An SPSOneTurnFeedback type class; 3/4-section cavity for post/pre-LS2

Type

class

OTFB_2

An SPSOneTurnFeedback type class; 4/5-section cavity for post/pre-LS2

Type

class

V_sum

Vector sum of RF voltage from all the cavities

Type

complex array

V_corr

RF voltage correction array to be applied in the tracker

Type

float array

phi_corr

RF phase correction array to be applied in the tracker

Type

float array

logger

Logger of the present class

Type

logger

track()
track_init(debug=False)

Tracking of the SPSCavityFeedback without beam.

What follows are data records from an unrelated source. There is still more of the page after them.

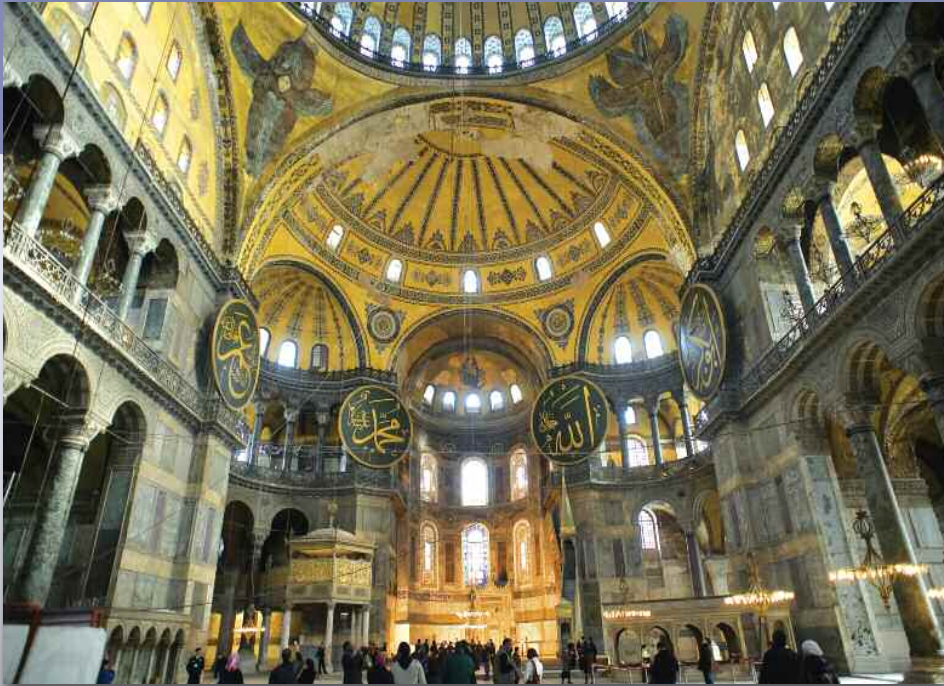
La Basilique Sainte-Sophie, Istanbul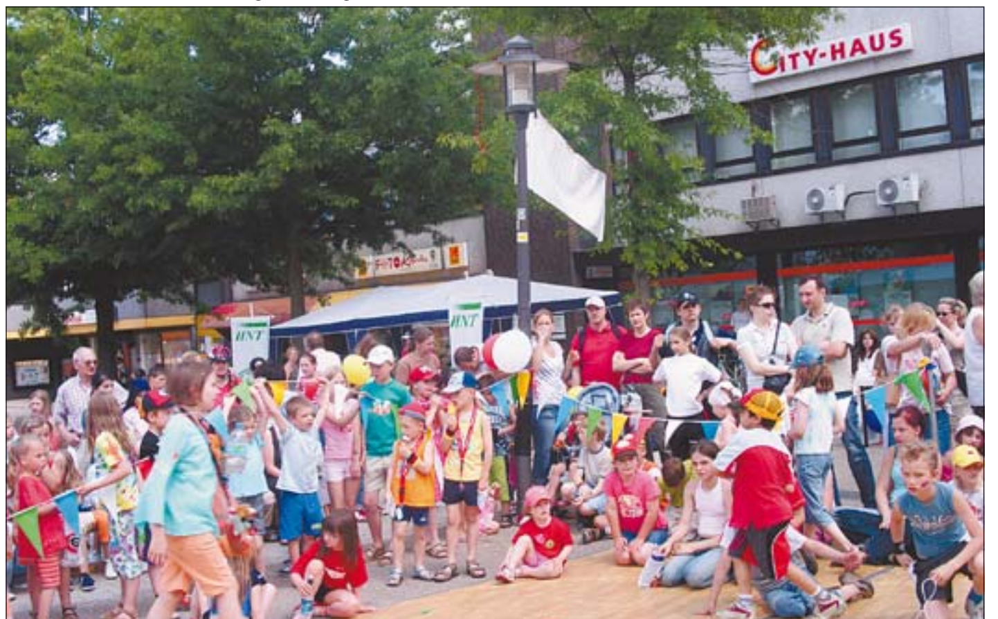
Ein großes Gedränge gibt es immer wieder wenn im 10.00 Uhr die Rallye bei der HNT-Bühne beginnt.

nur ihr Gesicht in eine „Has und Igel“- Wand stecken und sich als kleines Igelchen fotografieren lassen. Nach der Rallye gibt es dann noch ein tolles Erinnerungsfoto zum Mitnehmen! Beim Scheibenspiel kommt es bei Augenoptik in der Bahnhofstraße auch in diesem Jahr wieder mehr auf Glück als auf Geschick an.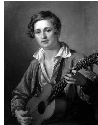
Василий Тропинин «Гитарист»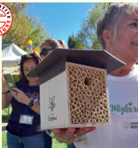
Una delle casette per le api consegnate a Castel Maggiore nell'ambito della campagna promossa da Coop Alleanza e sostenuta dal gruppo Castel Maggiore, alla Festa del Volontariato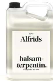
Balsamterpentin 5L Art nr V710012

I likhet med tjära innehåller Alfrids balsamterpentin många komponenter som träet behöver för bästa skydd. Balsamterpentin är en lättflyktig eterisk olja som erhålls genom extraktion ur barrträd.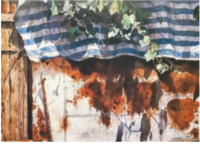
屋簷下 1988年 一道舊木門、生鏽鐵皮、藍白膠布及葉子陽光的組合，不同的質感，畫出簡陋純樸的生活。葉子在屋簷下，無憂地享受著清風送爽，以及悠閒的日光浴。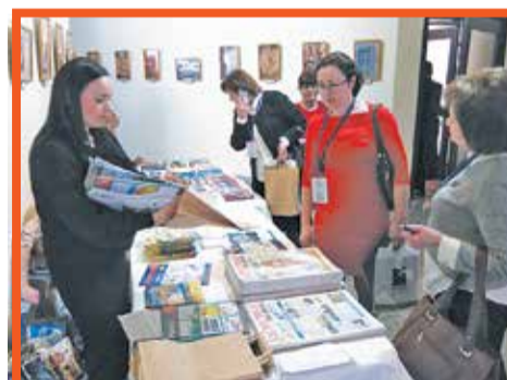
Научный форум по физической и реабилитационной медицине, санаторий «Белые ночи»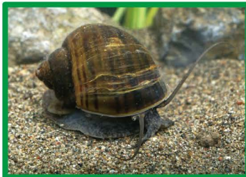
スクミリンゴガイ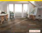
BAU & ENDO

De carácter moderado se destaca por su versatilidad en todas las zonas donde exista un producto con muchas opciones que tengan la versatilidad del espacio de la oficina.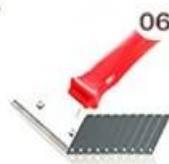
06 Perching Knife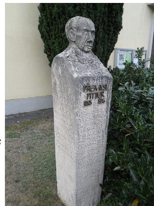
Busto de Přemysl Pittra en Norimberko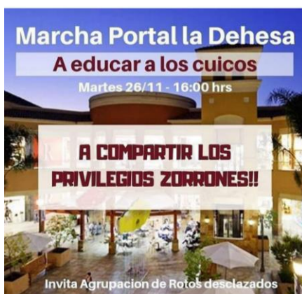
Ejemplo 1: Rotos desclasados

Las publicaciones seleccionadas para ilustrar este análisis se muestran a continuación: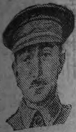
FERNANDO BARRÓN Teniente general del Ejército español, que ayer, en un solemne acto, presidido por el Ministro del Ejército, se posesionó de la presidencia del Consejo Supremo de Justicia Militar.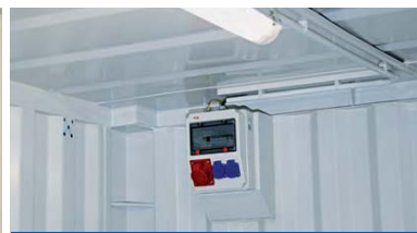
Fluorescente y caja de distribución con tomas de corriente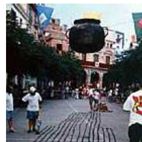
Actuació del Ball de Diables de Falset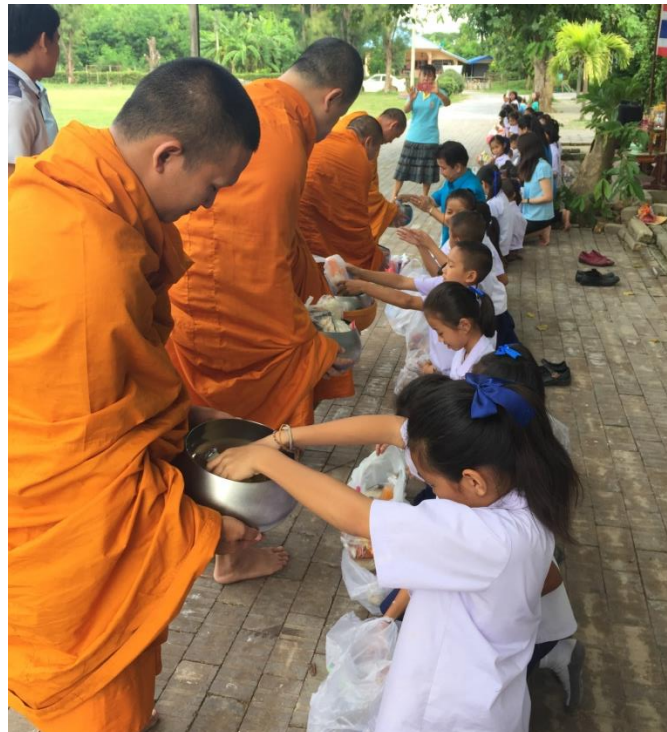
Gambar 19. Penyerahan sembako ke setiap Mong/Biksu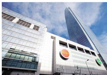
Acciones chilenas expuestas a Argentina lo pasan pésimo en la Bolsa de Comercio de Santiago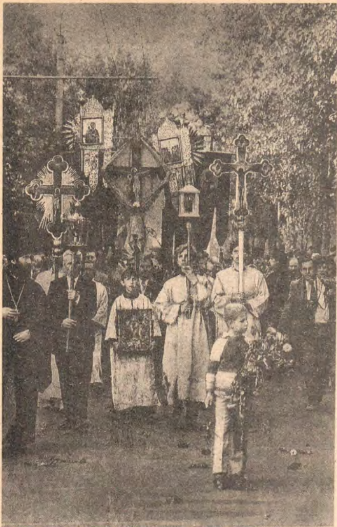
Крестный ход с мощами святителя Иоасафа по улицам Белгорода 16 сентября 1991 года

много лет, после того когда плоть была уже полностью высохшей, так как края разреза плотно примыкают друг к другу, через разрез просматриваются высохшие внутренние органы. ...На левой стопе под пятой имеется повреждение мягких тканей и отсутствует большой палец... На груди с правой стороны на плоти имеется отпечаток четырехконечного креста 4×7 см. После осмотра тело очищено от пыли и обтерто святой водой. Затем оно было обернуто чистой тканью и накрыто погребальной пеленой.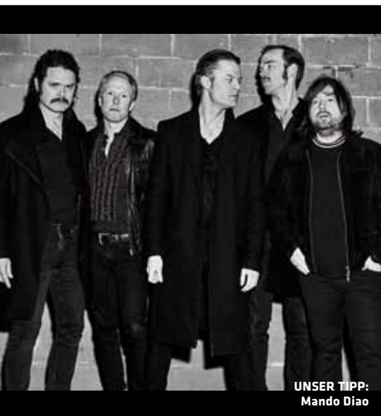
UNSER TIPP: Mando Diao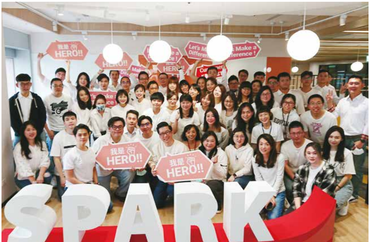
SPARK Heroes 於 SPARK Hub 相見歡，培養默契為打造 SPARK DNA 做好準備。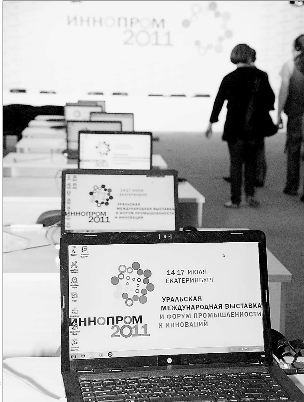
Работу «Иннопрома» будут освещать полтысячи журналистов, следите за новостями...

Посетить «Иннопром» также смогут все желающие. 17 июля — День открытых дверей. В этот день на выставке ожидают около 6 тысяч посетителей. В первую очередь в этот день «Иннопром» ориентирован на детскую и молодежную аудиторию. Планируется, что в течение Детского дня «Иннопром-2011» организованно посетят более тысячи детей, отдыхающих в летних оздоровительных лагерях Сысерти, Ревды, Берёзовского, Первоуральска, и сопровождающих их педагогов, а также ученики уральских школ из 32 муниципальных образований, активно занимающиеся техническим творчеством.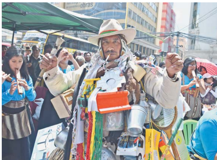
LA CIUDADANÍA PACEÑA ESPERA EL INICIO DE LA FERIA DE ALASITA 2017.

Una de las actividades importantes será la inauguración que se realizará en el Campo Ferial Bicentenario el 24 de enero. La feria durará hasta el 19 de febrero. También se organizarán visitas guiadas, exposiciones, muestras de la creación de miniaturas y los pequeños podrán conocer los orígenes.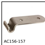
AC156-157 Riscontro per chiusura a leva rigida ad anello, 25.5mm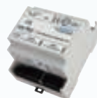
CAN-Ethernet 网关 V2

class blond.llrf.cavity_feedback.SPSOneTurnFeedback(RFStation, Beam, Profile, n_sections, n_cavities=2, V_part=0.4444444444444444, G_ff=1, G_llrf=10, G_tx=0.5, a_comb=0.9375, Commissioning=<blond.llrf.cavity_feedback.CavityFeedbackCommissioning object>)

Bases: object

Voltage feedback around a travelling wave cavity with given amount of sections. The quantities of the LLRF system cover one turn with a coarse resolution.

Parameters
  • RFStation (class) – An RFStation type class

  • Beam (class) – A Beam type class

  • Profile (class) – Beam profile object

  • n_sections (int) – Number of sections in the cavities

  • n_cavities (int) – Number of cavities of the same type

  • V_part (float) – Voltage partition for the given n_cavities; in range (0,1)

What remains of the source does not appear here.